For most experiments including zeros will result in impractically large files. Another option for accounting for zero counts is to specify a truncated distribution through the `distribution`

argument. However, this will slow down model fitting.

The `interactions`

argument of the `chicane()`

function can take either a `data.table`

object from `prepare.data`

or the path to such a table.

The CHiCANE method models the expected number of reads linking two restriction fragments as a function of the distance between the loci and the “interactibility” of the bait fragment, that is, its inherent propensity to interact with other fragments.

Let \(Y_{ij}\) denote the number of reads linking bait \(i\) and target fragment \(j\), \(d_{ij}\) be the distance between the two fragments, and \(t_i\) denote the number of reads linking the bait \(i\) with another fragment in trans. The CHiCANE model assumes that \(Y_{ij}\) follows a distribution with mean parameter \(\mu_{ij}\), where

\[\begin{equation} \mu_{ij} = \beta_0 + \beta_1\log(d_{ij}) + \beta_2\log(t_i + 1) \end{equation}\]

If the other end fragment \(j\) is also a bait, terms are included to adjust for the trans counts of the fragment \(j\), as well as the product of the trans counts of the two fragments as shown below

\[\begin{equation} \mu_{ij} = \beta_0 + \beta_1\log(d_{ij}) + \beta_2\log(t_i + 1) + \beta_3\log(t_j + 1) + \beta_4\log(t_i + 1)\log(t_j + 1) \end{equation}\]

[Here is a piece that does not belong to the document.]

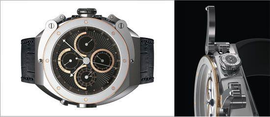 这只非凡的工具有两个世界第一:全新利用秒表的方式,有先进的开始和中止秒表功能的技术解决方案,并能对操作秒表提供全方位保护;另外,这也是第一个全球限量生产的有真正月球成分的手表。这块来自月球的陨石在九点钟位置的舷窗里呈现出来。

Once an expected value \(\mu_{ij}\) is obtained for each combination of fragments, a \(p\)-value for the observed counts \(y_{ij}\) exceeding what’s expected by random chance is calculated as

\[\begin{equation} p = P(Y_{ij} \geq y_{ij}) \end{equation}\]

The probability \(P(Y_{ij} \geq y_{ij})\) depends on how the distribution \(Y_{ij} \mid \mu_{ij}\) of the counts conditional on the expected value is modelled.

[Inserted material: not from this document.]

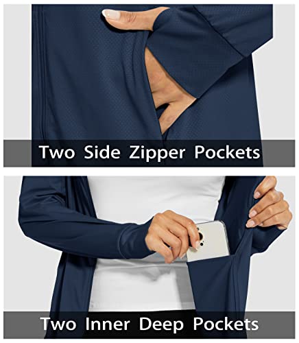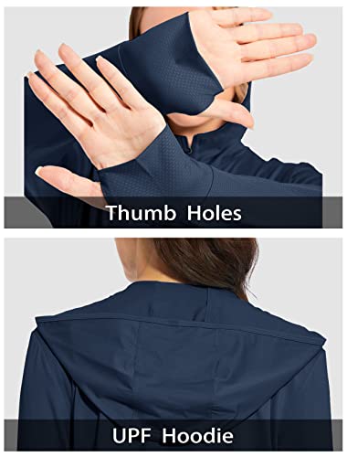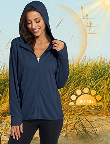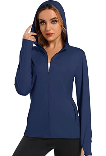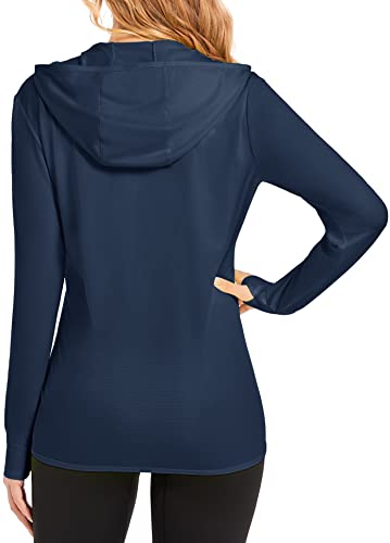 UPF 50 Long Sleeve Women Hoodie Sun Shirt Running Jackets for Women Workout Jackets for Women Runnig Jackets Women Summer Fishing Jackets Uv Jackets Navy

The CHiCANE method supports several different distributions of the counts \(Y_{ij}\) conditional on the mean \(\mu_{ij}\). By default the counts are assumed to follow a negative binomial distribution with \(E(Y_{ij}) = exp (\mu_{ij})\). The negative binomial is similar to the Poisson model for counts, but includes an overdispersion term that makes it more appropriate for datasets with high variance. After fitting \(\beta_0, \beta_1, \beta_2\) and the overdispersion term by a maximum likelihood over all pairs of fragments, we use the fitted model to estimate a \(p\)-value for each pair. The Poisson, truncated Poisson, or truncated negative binomial distribution can be specified through the `distribution`

argument.

The negative binomial distribution models the counts as \(Y \sim NB(\mu, \theta)\), where \(\mu\) is the mean and \(\theta\) is a dispersion parameter. Under this model, the variance of the counts conditional on the mean \(\mu\) is given by

\[\begin{equation} Var(Y) = \mu + \frac{\mu^2}{\theta} \end{equation}\]

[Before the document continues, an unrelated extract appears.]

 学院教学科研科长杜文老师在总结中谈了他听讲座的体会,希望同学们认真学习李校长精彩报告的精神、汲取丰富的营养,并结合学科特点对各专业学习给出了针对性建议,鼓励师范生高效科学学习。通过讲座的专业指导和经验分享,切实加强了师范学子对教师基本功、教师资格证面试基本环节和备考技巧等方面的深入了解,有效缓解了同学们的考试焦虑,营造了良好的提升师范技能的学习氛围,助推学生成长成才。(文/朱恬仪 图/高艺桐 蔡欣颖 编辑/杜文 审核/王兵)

The model is fit using the `glm.nb()`

function in the MASS package. The maximum likelihood estimates (MLEs) of the coefficients \(\hat{\beta_i}\) are used to provide an estimate of the expected number of counts for each combination of restriction fragments. The MLE of the dispersion parameter \(\theta\) is used as the dispersion parameter (`size`

) in the negative binomial model.

Occasionally, the model fitting procedure will result in numerical errors as the result of lack of convergence. This is most often due to lack of overdispersion in the data leading to an unstable estimate of \(\theta\). If the variance is approximately equal to the mean, the \(\theta\) term goes to infinity and the model fails to converge.

When the model throws a numerical warning or fails to converge, the `chicane()`

function will attempt to diagnose if the problem was due to lack of overdispersion. This is done by fitting a negative binomial regression model with 25 iterations, and using the resulting fitted values and dispersion parameter to examine the variance of the negative binomial. If the estimated variance at the point with the largest fitted value is less than 0.1% greater than the corresponding estimate of the Poisson variance (i.e. the fitted value at that point), a Poisson distribution is fit instead.

Unlike the negative binomial, the Poisson distribution does not allow for the variance of the counts to exceed their mean. This model assumes that \(Y \sim \text{Poisson}(\mu)\), giving \(Var(Y) = \mu\). In practice, capture Hi-C counts often show more variability than can be explained by the Poisson model, leading to false positive interaction calls.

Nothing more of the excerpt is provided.